1 circlecast Sep 08, 2005 07:22
3 edb Sep 08, 2005 17:37
Thanks. I sort of figured there were more aggregators out there than the few listed. I'm not sure which forum it belongs in (probably not this one), but since I've always been on top of logging robots as robots to not muck up my "heavy hitters" section I can post a very full list of robots to add to that array. BTW since I don't care what they really are I often fill the text side with "something new on DATE". All I care is that robots get logged as robots. Anyway I'll post my list somewhere, and maybe with some helpful SQL strings for those who want to make their hitlog table accurate.

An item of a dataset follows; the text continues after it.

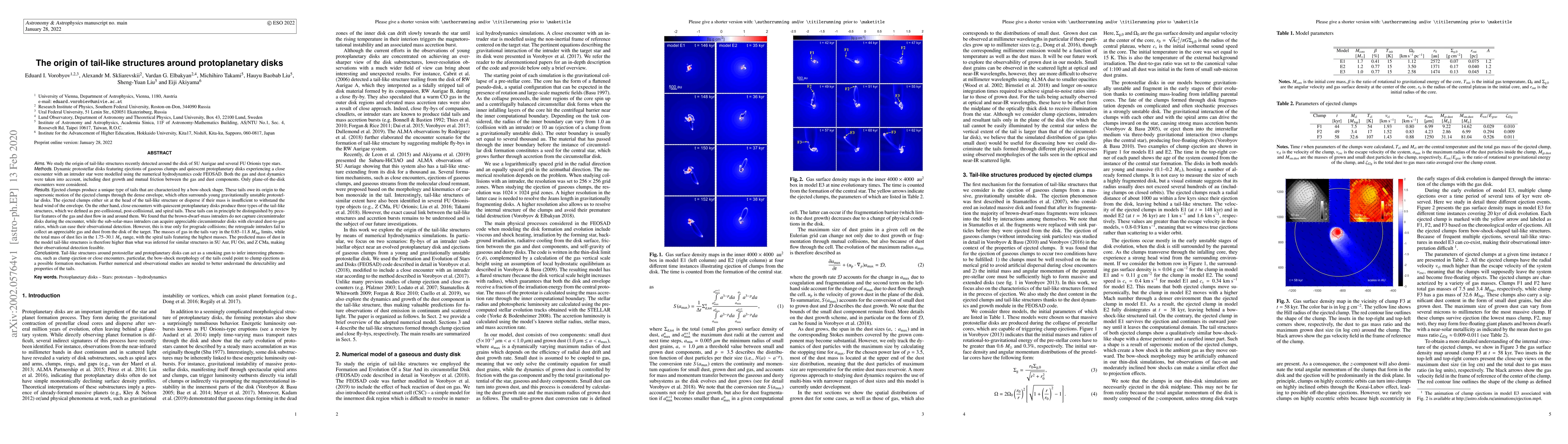 This study uses FEOSAD to model tail-like structures around SU Aurigae and FU Orionis-type stars, attributing them to ejected gas clumps from protostellar disks. These tails, distinguished by bow-shock shapes, result from supersonic motion through dense envelopes. Close encounters with quiescent disks create pre-collisional, post-collisional, and spiral tails. Brown dwarf intruders don't capture disks, but subsolar-mass ones can acquire dust-rich disks, aiding observational detection. The model predicts more dust mass in these tails than observed, suggesting observational discrepancies.

I guess I should be wondering if some of the things I'm calling robots were actually aggregators. Probably I would have noticed if a large number of "direct" hits were logged against xml-type pages? Hmmm... Since that's the only ones I would have corrected I probably have lots of hits against aggregators that aren't counted in the "by aggregator" section.
AARGH! Too much thinking!!!
I have recently updated my $user_agents array in conf/_stats.php based on my blog's hit log:
However, it appears the backoffice user agent summary groups the robots and aggregators based on the full user agent string and not the short version of it. After updating your $user_agents array, you are going to see several entries of the Yahoo Feed Seeker and so, each version having its own user agent string...
It might be possible to group all the user agents using their short user agent version as well as updating that list automatically. However, that implies the user agent version becomes a database table of its own. That also implies to refactor the whole hit log management, since that table grows a lot when you have a popular blog. My blogs' hitlog table is 13 MB big and it keeps only the last 7 days of visits!
It would be very interesting to split that hitlog table into several smaller ones:
a hitlog table (referencing the following tables to make it shorter, avoiding redundant information);
a referrer table (referencing a new base domain referrer table);
a user agent table (referencing a new short description user agent table).[/list:u]In addition to that, the hit_remote_addr entry of the hitlog table might become a 32-bit or 128-bit numeric entry making it shorter and quicker to manipulate.